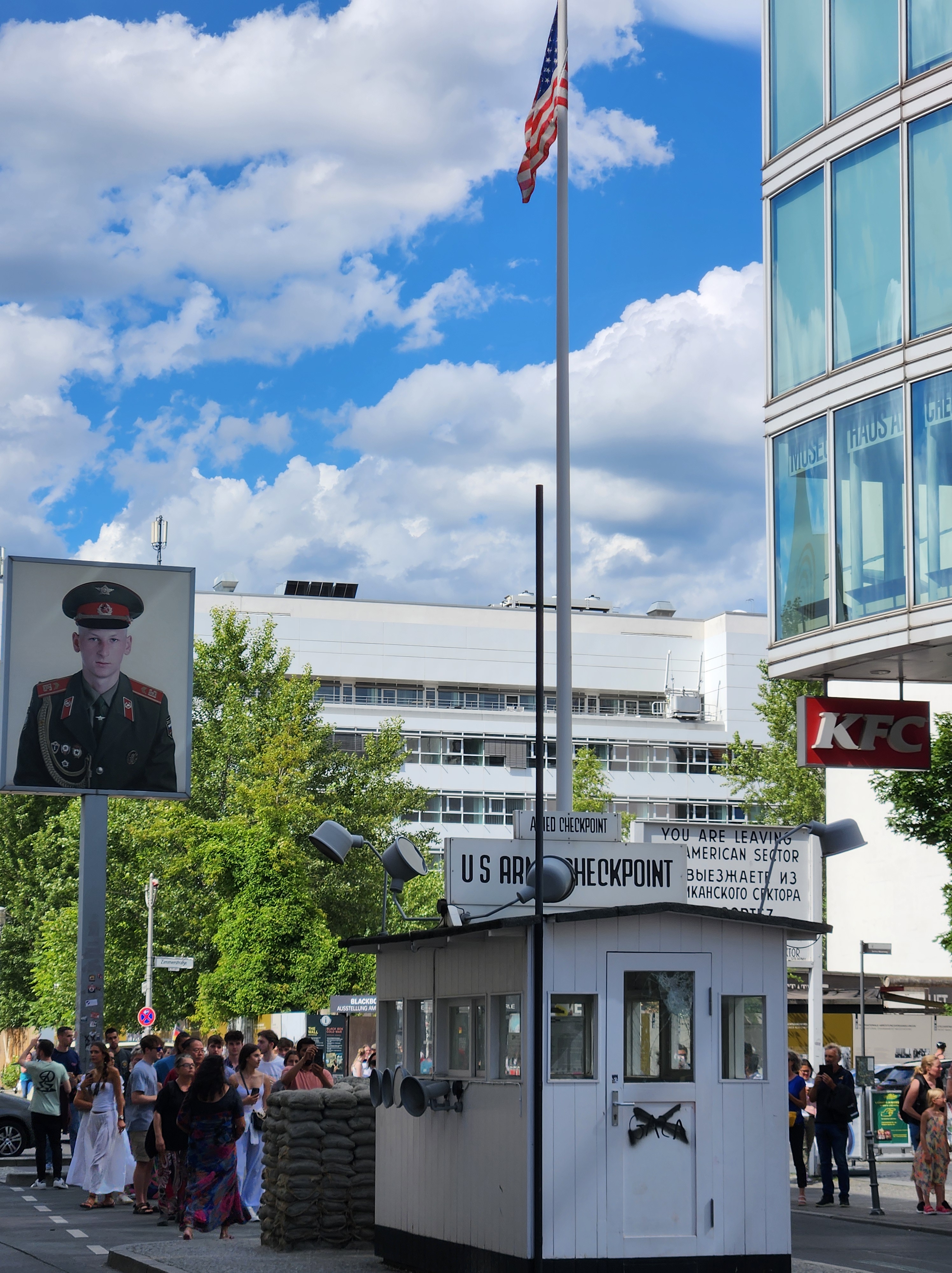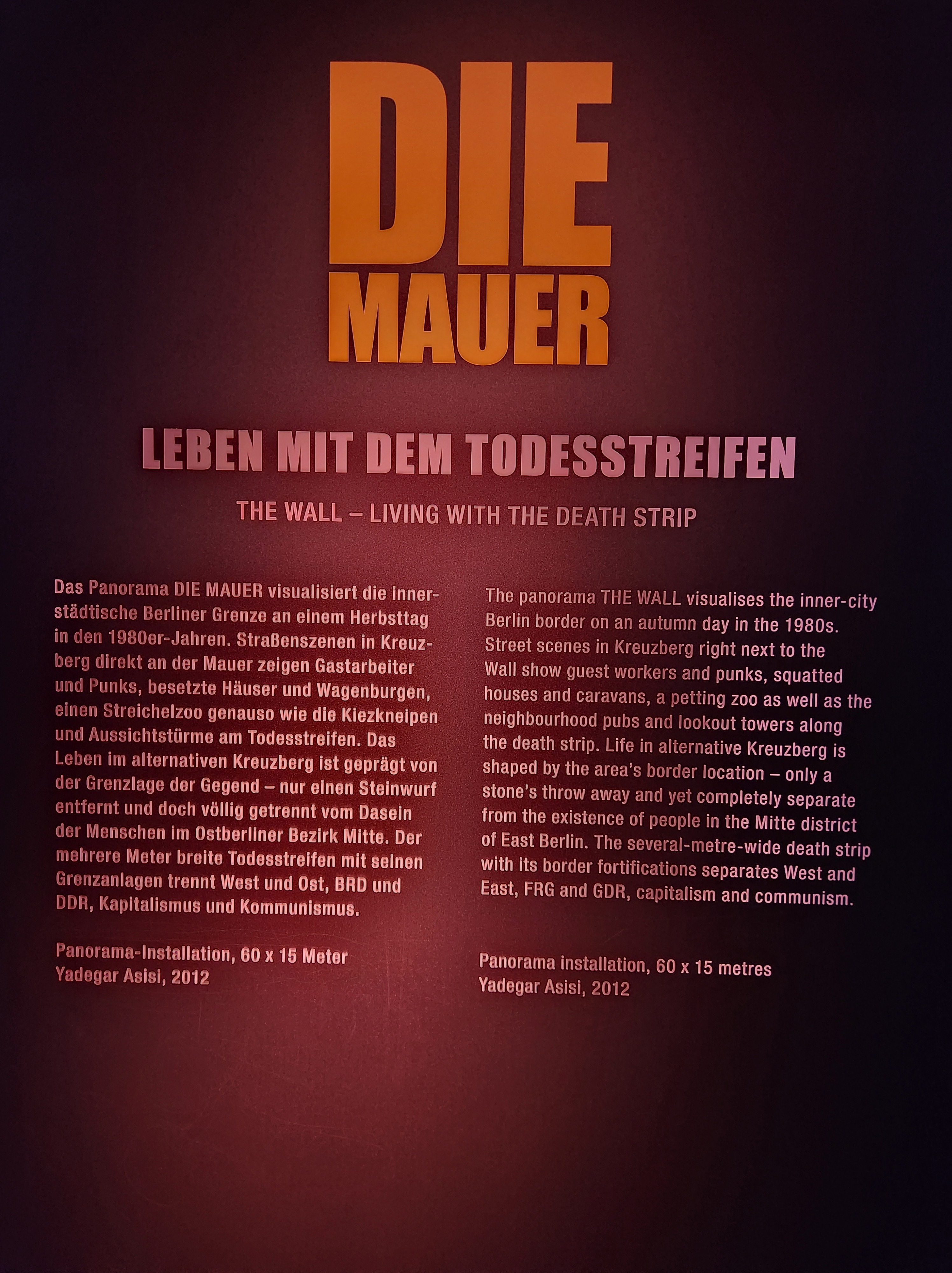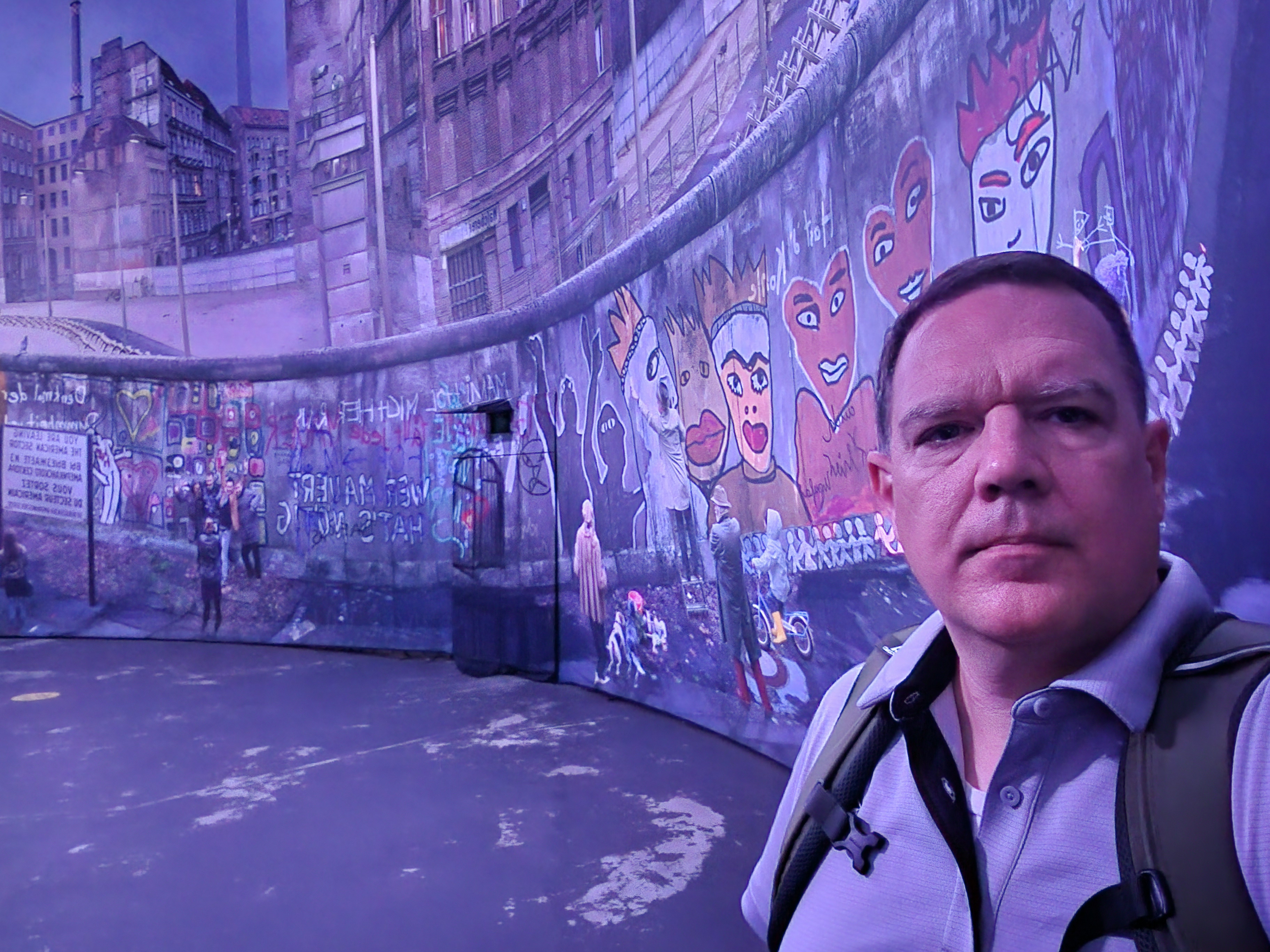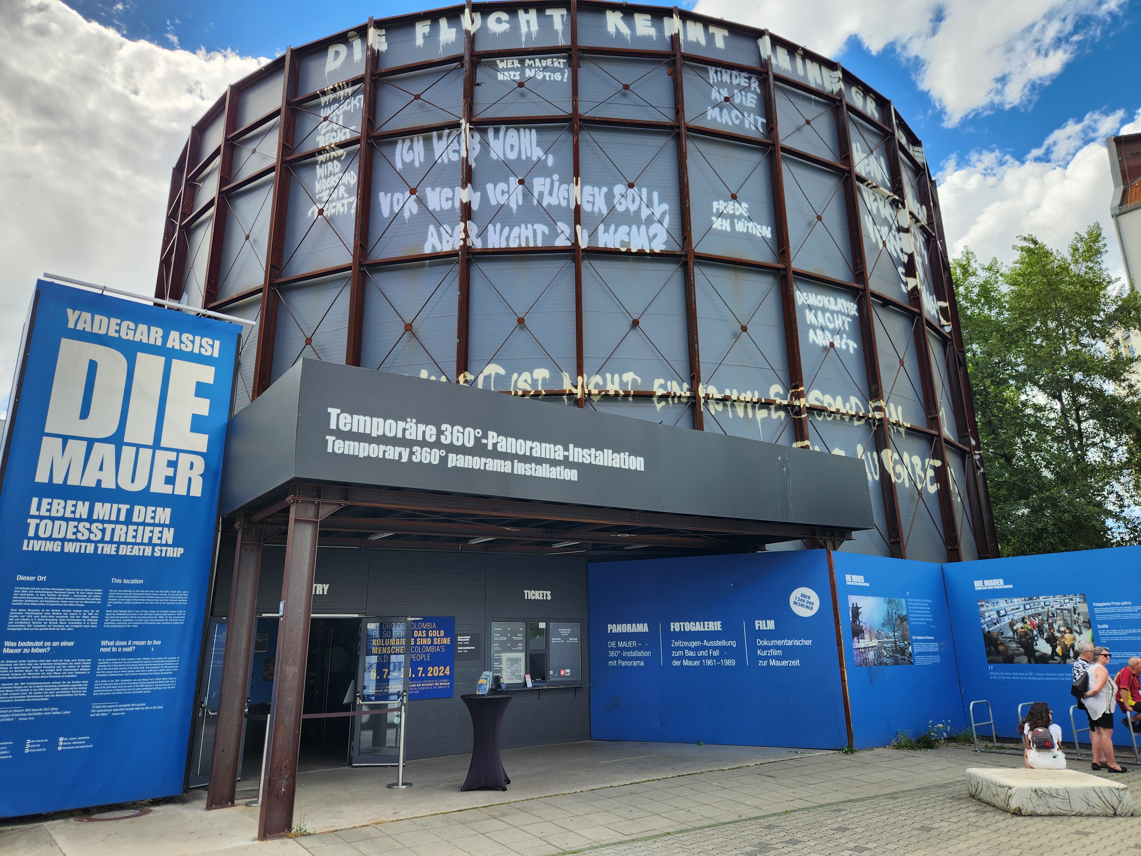 After the TOP tour ended, I had three days in Berlin to explore and take in some more sights. I moved to a hotel across town from where we’d been at Alexander Platz to a place near Potsdamer Platz. After settling in, I set out for the Berlin Wall panorama near Checkpoint Charlie. The exhibit sits directly on top of the old Berlin Wall, evenly divided down the center into East and West Berlin. It’s an amazing artistic work by an artist named Yadegar Asisi that depicts Berlin in the 1980s, separated by the wall, recreated by thousands of photographs combined into one large painting. It was incredible! It’s so large that you climb sets of stairs to an elevated viewing platform to get perspective and to be able to see it all. It really makes it feel like you are there!
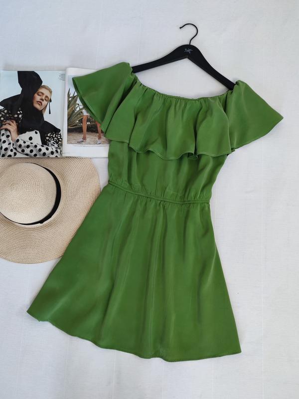 🌿зелена сукня від Mango з рюшею, талія на резинці, тканина віскоза, не просвічує Розмір:М Заміри:ПО грудей 47 см, ширина поясу 33 см, ПО бедер 54 см, довжина 85 см
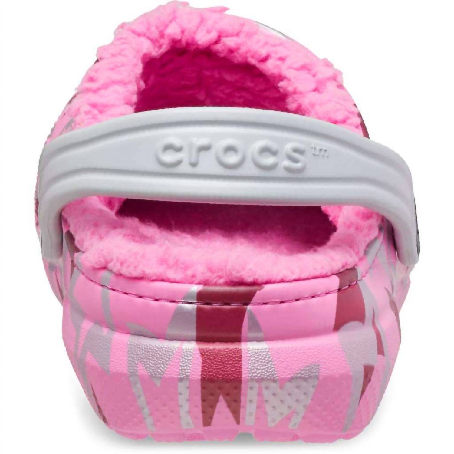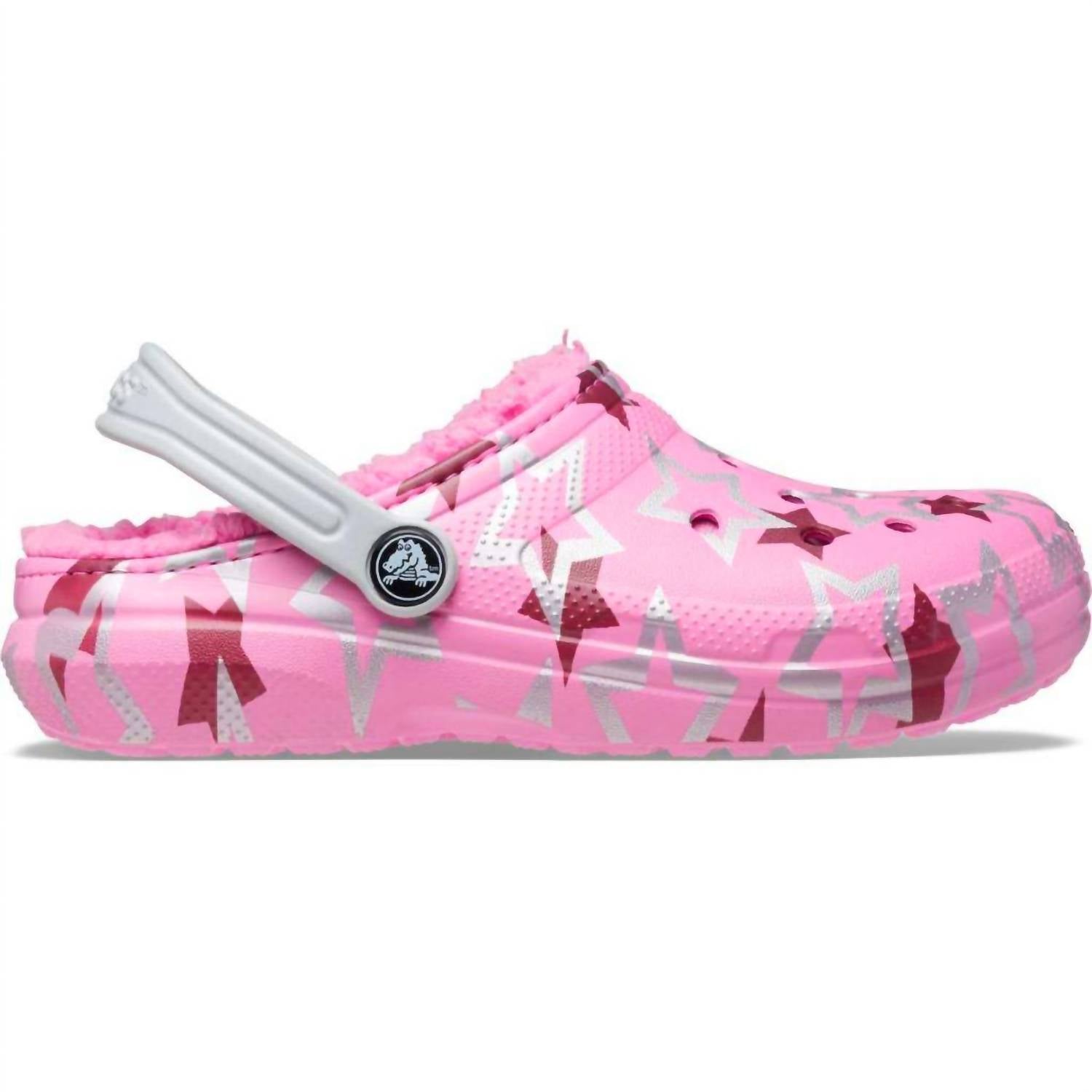 Meet the Kids' Classic Lined Disco Dance Party Clog by Crocs, designed to deliver unmatched comfort and style in Taffy Pink Multi. Featuring a warm, soft fleece lining and a dazzling glittering star print, these clogs are perfect for both indoor and outdoor adventures. The adjustable heel strap ensures a secure fit, while the lightweight Crosliteâ„¢ foam construction adds to their easy wearability.
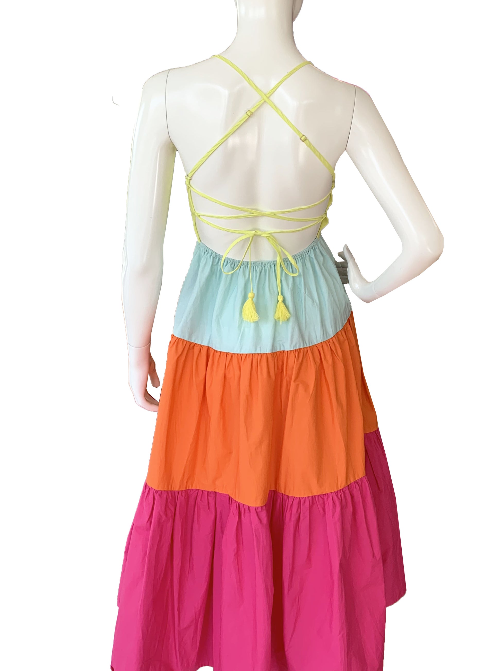 Vestido de colores con detalle de espalda descubierta y lazos cruzados

INSTRUCTIONS FOR THE TASK:
Go through the listing above and write it out again exactly, dropping the pictures.

WRITTEN RESPONSE:
 After the TOP tour ended, I had three days in Berlin to explore and take in some more sights. I moved to a hotel across town from where we’d been at Alexander Platz to a place near Potsdamer Platz. After settling in, I set out for the Berlin Wall panorama near Checkpoint Charlie. The exhibit sits directly on top of the old Berlin Wall, evenly divided down the center into East and West Berlin. It’s an amazing artistic work by an artist named Yadegar Asisi that depicts Berlin in the 1980s, separated by the wall, recreated by thousands of photographs combined into one large painting. It was incredible! It’s so large that you climb sets of stairs to an elevated viewing platform to get perspective and to be able to see it all. It really makes it feel like you are there!
 🌿зелена сукня від Mango з рюшею, талія на резинці, тканина віскоза, не просвічує Розмір:М Заміри:ПО грудей 47 см, ширина поясу 33 см, ПО бедер 54 см, довжина 85 см
 Meet the Kids' Classic Lined Disco Dance Party Clog by Crocs, designed to deliver unmatched comfort and style in Taffy Pink Multi. Featuring a warm, soft fleece lining and a dazzling glittering star print, these clogs are perfect for both indoor and outdoor adventures. The adjustable heel strap ensures a secure fit, while the lightweight Crosliteâ„¢ foam construction adds to their easy wearability.
 Vestido de colores con detalle de espalda descubierta y lazos cruzados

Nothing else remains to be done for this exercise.